A risk factor is a variable associated with an increased risk of disease or infection. Risk factors are correlational and not necessarily causal, because correlation does not imply causation. For example, being young cannot be said to cause measles, but young people are more at risk as they are less likely to have developed immunity during a previous epidemic.

Risk factors are evaluated by comparing the risk of those exposed to the potential risk factor to those not exposed. Let's say that at a wedding, 74 people ate the chicken and 22 of them were ill, while of the 35 people who had the fish or vegetarian meal only 2 were ill. Did the chicken make the people ill?

So the chicken eaters' risk = 22/74 = 0.297 And non-chicken eaters' risk = 2/35 = 0.057.

Those who ate the chicken had a risk over five times as high as those who did not, suggesting that eating chicken was the cause of the illness.
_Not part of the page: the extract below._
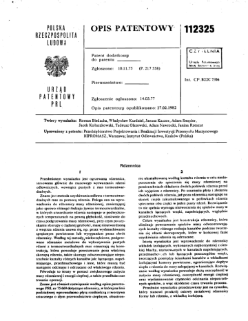 POLSU OPIS PATENTOWY RZECZPOSPOLITA 112325 LUDOWA CZY i LLNIA Patent dodatkowy do patentu Zgłoszono: 10.11.75 Urrędu Patentowego (P. 217 558) Int. Cl2.B22C7/06 Pierujszeństiuo: URZĄD PATENTOWY PRL Zgłoszenie ogłoszono: 14.03.77 Opis patentoiru opublikoiuano: 27.02.1982 Twórcy wynalazku: Roman Biedacha, Władysław Kurdziel, Janusz Kaczor, Adam Smęder, Jacek Kołaczkowski, Tadeusz Olszowski, Adam Nawrocki, Janina Rzeszut Uprawniony z patentu: Przedsiębiorstwo Projektowania i Realizacji Inwestycji Przemysłu Maszynowego BIPROMASZ, Warszawa; Instytut Odlewnictwa, Kraków (Polska) Rdzennica Przedmiotem wynalazku jest ogrzewana rdzennica, stosowana głównie do masowego wytwarzania rdzeni odlewniczych, wewnątrz pustych z mas termoutwar¬ dzalnych. Znana jest metoda uzyskiwania odlewu z termoutwar¬ nie ukształtowaną według kształtu rdzenia w celu niedo¬ puszczenia do spieczenia się masy rdzeniowej na powierzchniach składania dwóch połówek rdzenia przed ich wyjęciem z rdzennicy. Po usunięciu płyty i złożeniu dwóch połówek rdzenia, już poza rdzennicą następuje na dzalnych mas za pomocą rdzenia. Polega ona na wpro¬ wadzeniu do rdzennicy masy rdzeniowej, zawierającej jako spoiwo różnego fodzaju żywice termoutwardzalne, w których utwardzanie rdzenia następuje w podwyższo¬ nych temperaturach na pewną głębokość, stosownie do czasu podgrzewania masy rdzeniowej, przy czym po uzy¬ skaniu skorupy o żądanej grubości, masę nieutwardzoną z wnętrza rdzenia usuwa się, np. przez wydmuchiwanie sprężonym powietrzem lub wysypaniem przez obrót skutek ciepła zakumulowanego w połówkach rdzenia spieczenie obu części w jeden pusty rdzeń. Rozwiązanie rdzennicy. Według tej metody^wieloczęściowe, podgrze¬ uzyskiwania rdzenia są odrzucane. wane rdzennice metalowe do wykonywania pustych rdzeni z termoutwardzalnych mas oznaczają się kons¬ trukcją, która powoduje powstawanie poza właściwą skorupą rdzenia, także skorupy odwzorcowujące niepo¬ trzebnie kształty różnych kanałów jak: łączącego, napeł¬ niającego, przedmuchowego i. inne, które muszą być następnie odcinane i odrzucane od właściwego rdzenia. Powoduje to straty w postaci zwiększonego zużycia masy rdzeniowej i energii cieplnej, a także przedłuża czas trwania operacji. Znane jest również rozwiązanie według opisu patento¬ wego PRL nr 75 669dotyczące rdzennicy,w której na linii podziałowej wprowadiono płytę rozdzielczą z tworzywa sztucznego o złym przewodnictwie cieplnym, obustron¬ to nie spełnia wymogu nietworzenia się spieków masy w kanałach łączących wnęki, napełniających, względnie przedm uchowych. Celem wynalazku jest konstrukcja rdzennicy, która eliminuje powstawanie spieków masy odwzorowujଠcych kształty różnego rodzaju kanałów podczas tworze¬ nia się rdzeni skorupowych, które w końcowej fazie Istotą wynalazku jest wprowadzenie do rdzennicy wkładek izolujących, wykonanych najkorzystniej z cien¬ kiej blachy, usytuowanych w kanałach napełniających, przedmuchom ych lub łączących poszczególne wnęki, tworzących pomiędzy ściankami kanałów a wkładkami izolującymi komory powietrzne, ograniczające dopływ ciepła z rdzenia do masy zalegającej w kanałach. Rozwiଠzanie według wynalazku powoduje dużą oszczędność w zużyciu masy rdzeniowej, oszczędność energii cieplnej oraz wyeliminowanie czynności odcinania niepotrzeb¬ nych spieków, a więc skrócenie czasu trwania procesu. Przedmiot wynalazku przedstawiony jest na rysunku, który stanowi przekrój osiowy metalowej rdzennicy formy lub rdzenia, z wkładką izolującą. 112 325 Rdzennica wykonana z żeliwa w formie prostopadłoś¬ cianu, składa się z dwóch połówek, w których ukształto¬ wane są wnęki odwzoicowujące kształt rdzenia oraz kanały napełniający 1, przedmuchówe 2 i ewentualnie łączące poszczególne wnęki. Kanały wyłożone są wkład¬ kami 3 z cienkiej blachy stalowej, tworzącymi komory powietrzne 4, ograniczającymi dopływ ciepła od rdzen¬ nicy do masy zalegającej w kanałach. Połówki rdzennic połączone są sworzniami sprężystymi 5, których zada¬ niem jest utrzymanie się rdzennicy w złożeniu podczas transportu po krążkach przenośników. W jednej połówce rdzennicy wbudowany jest mechanizm wewnętrzny wypychania skorupy. Pojówki rdzennicy w górnej i dol¬ nej części posiadają stożkowe wręby 6, w które wchodzą trzpienie rygli mocujących rdzennicę do szczęk imadła pneumatycznego. Zastrzeżenie Rdzennica metalowa, ogrzewana, do masowego wyt¬ warzania rdzeni odlewniczych, wewnątrz pustych, z mas termoutwardzalnych, zwłaszcza otrzymywanych sposo¬ bem przedmuchiwania sprężonym powietrzem, zna¬ mienna tym, że posiada wkładki izolujące (3), wykonane najkorzystniej z cienkiej blachy, usytuowane w kanałach napełniających (1). przedmuchowych (2) i łączących poszczególne wnęki, tworzące pomiędzy ściankami kanałów a wkładkami izolującymi (3) komory powietrz ne (4). Prac. Poligraf. UP PRL. Nakład 120 egz. Cena 45 zł patentowe

Note, however, that this is not proof. Statistical methods would be used in a less clear cut case to decide what level of risk the risk factor would have to present to be able to say the risk factor is linked to the disease (for example in a study of the link between smoking and lung cancer). Even then, no amount of statistical analysis could prove that the risk factor causes the disease; this could only be proven using direct methods such as a medical explanation of the disease's roots.

The earliest use of risk factor analysis dates back to Avicenna's The Canon of Medicine (1020s), though the term "risk factor" was first coined by heart researcher Dr. Thomas R. Dawber in a landmark scientific paper in 1961, where he attributed heart disease to specific conditions (blood pressure, cholesterol, smoking).